Chicago Sun-Times

‘The Shark’ swims in hazardous waters

- CAROL MARIN Follow CarolMarin on Twitter: @CarolMarin Email: cmarin@suntimes.com

Hi, is Joe Lopez there? “No,” said the pleasant woman at the other end of the phone, “you have the wrong number. I keep getting a lot of calls for him even though I’ve had this number for years. I just got one yesterday.” What do the callers say? “They say, ‘I’m in trouble,’” she recounted, noting sometimes the phone rings at 3 a.m. and on the line are “not the most profession­al-sounding voices, if you know what I mean.”

I know exactly what she means. In this city there are profession­als. And, well, “profession­als.”

Joe “The Shark” Lopez, 60, is one of Chicago’s most colorful defense attorneys, and his clients are even more memorable than he.
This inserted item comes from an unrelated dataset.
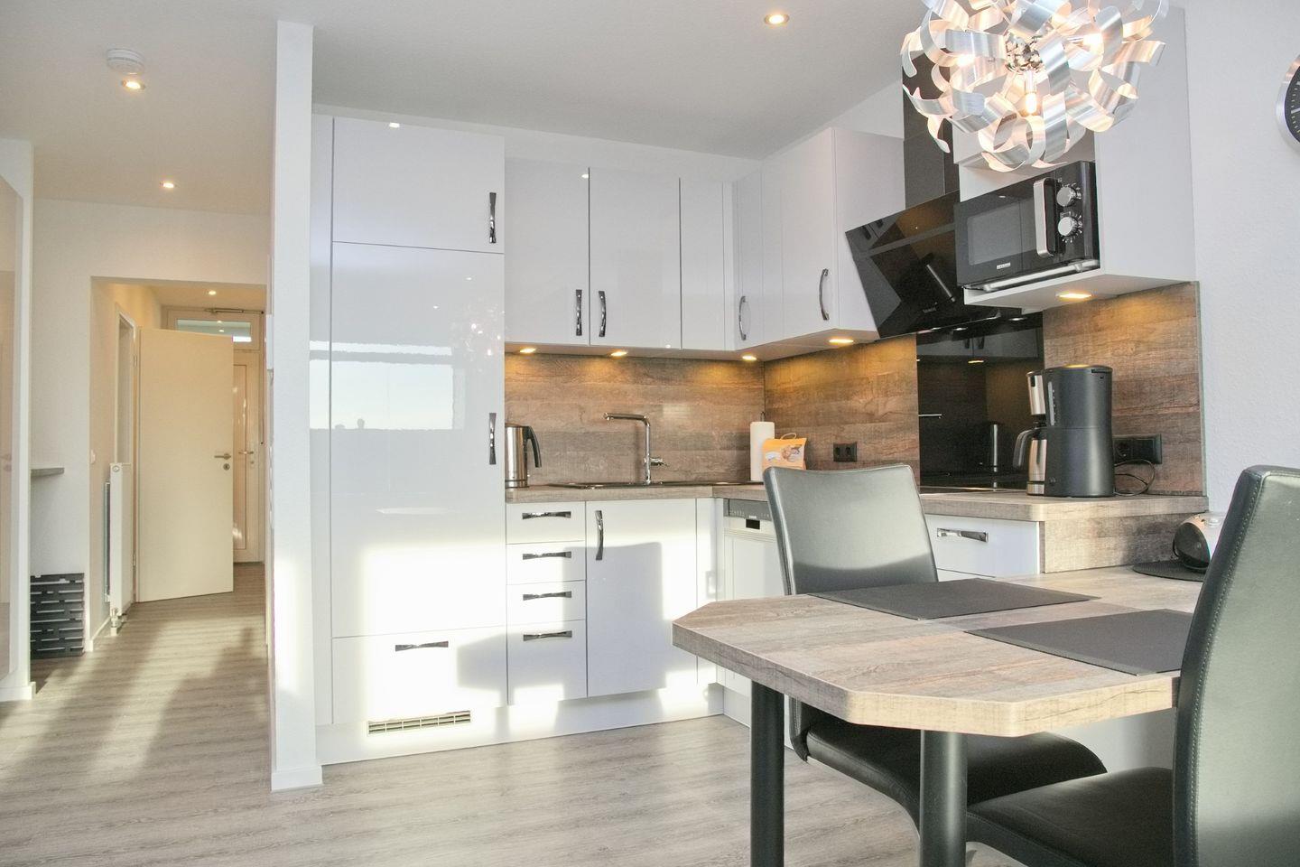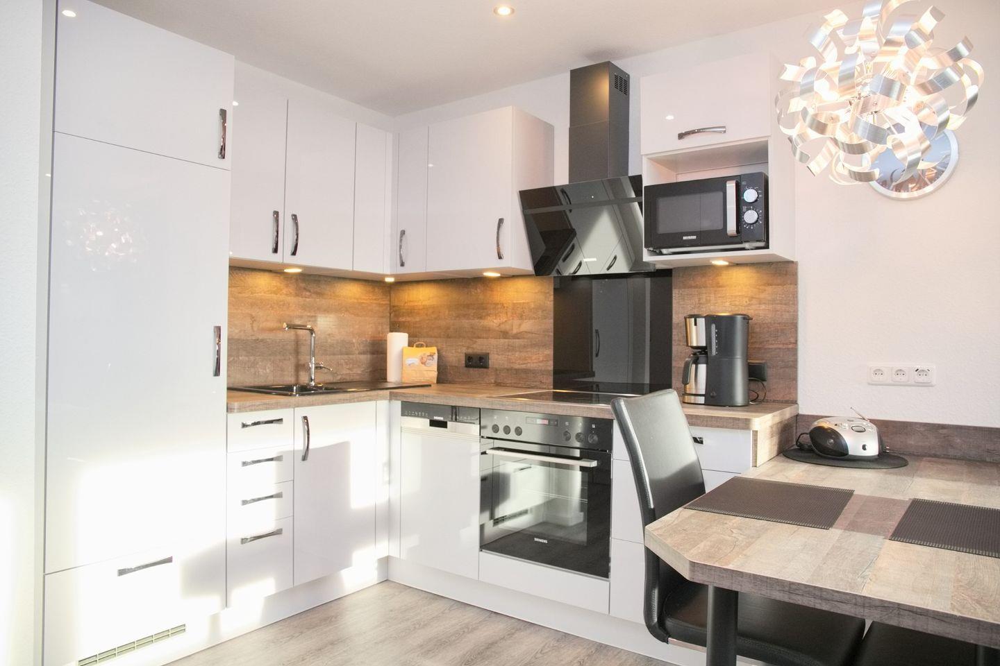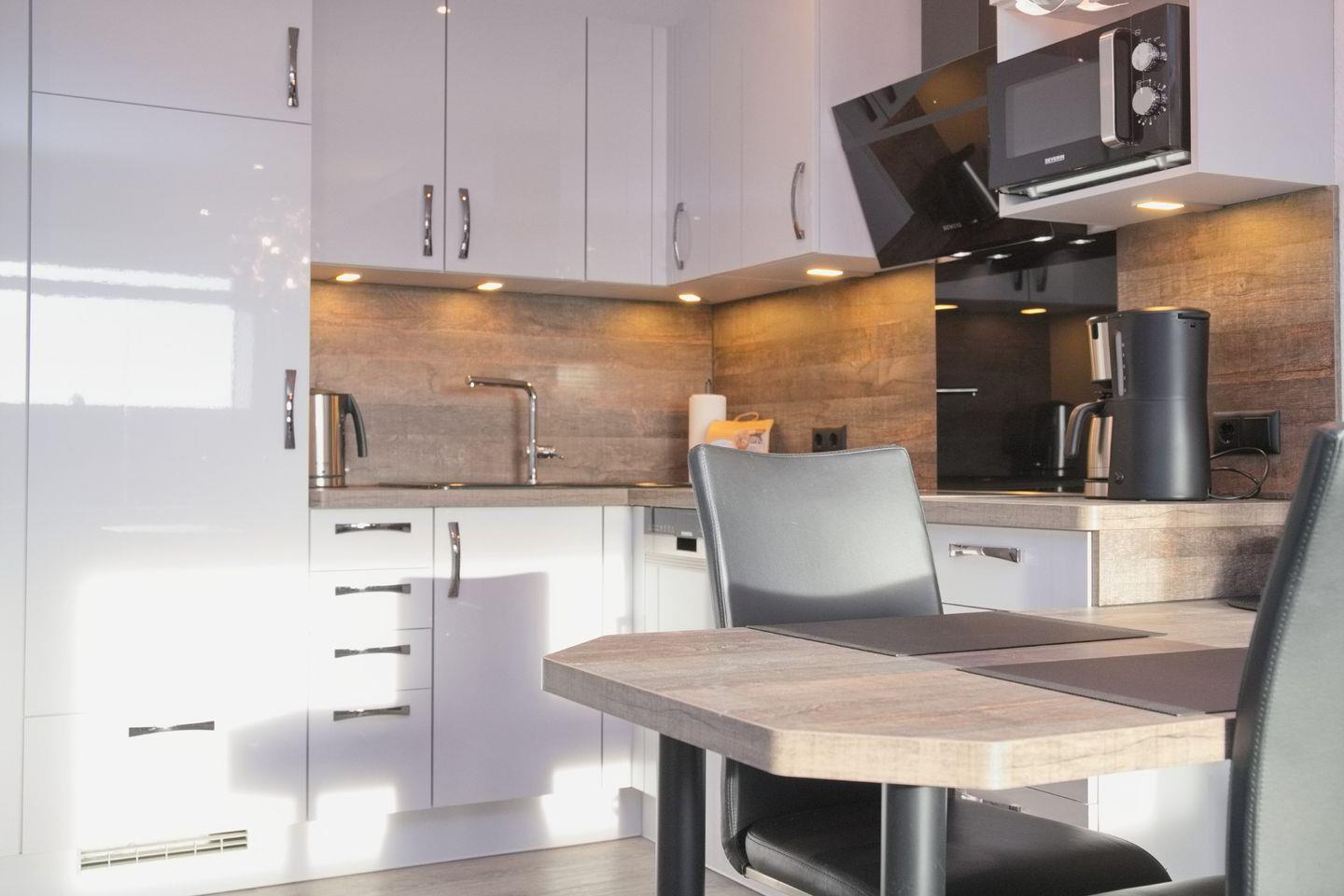 Das gemütliche Wohnzimmer ist mit einer komfortablen Mikrofaser-Couch und einem modernen TV ausgestattet. Die offene Küche bietet alles, was Sie für die Zubereitung leckerer Mahlzeiten benötigen: einen Geschirrspüler, eine Mikrowelle, ein Cerankochfeld mit Backofen sowie einen Kühlschrank mit 3*-Gefrierfach. Praktische Küchenhelfer wie eine Filterkaffeemaschine, ein Wasserkocher und ein Toaster sind ebenfalls vorhanden.

Like Drew Peterson, 24-hour-cable’s favorite former-cop-whose-wives-end-up-dead; Frank Calabrese Sr., the psychopath­ic mobster whose body count far exceeded anything Peterson is accused of; and Outfit hit man Anthony Chiaramont­i.

This week, however, it was Lopez whomade news when the SunTimes’ Rummana Hussain reported he punched out a client in a holding cell at the Leighton Criminal Courts building at 26th & California.

That’s why I was calling on what turned out to be his old mobile number. When we did finally connect, Lopez’s first words were, “I can’t discuss any of the facts. It’s under investigat­ion.”

Abdon Pallasch, spokesman for Cook County Sheriff Tom Dart, confirmed an investigat­ion is underway and also declined comment.

Lopez, however, makes it clear he views what happened as an act of self-defense against a frustrated, locked-up client whom he says he doesn’t want to blame. But who immediatel­y became his “former” client.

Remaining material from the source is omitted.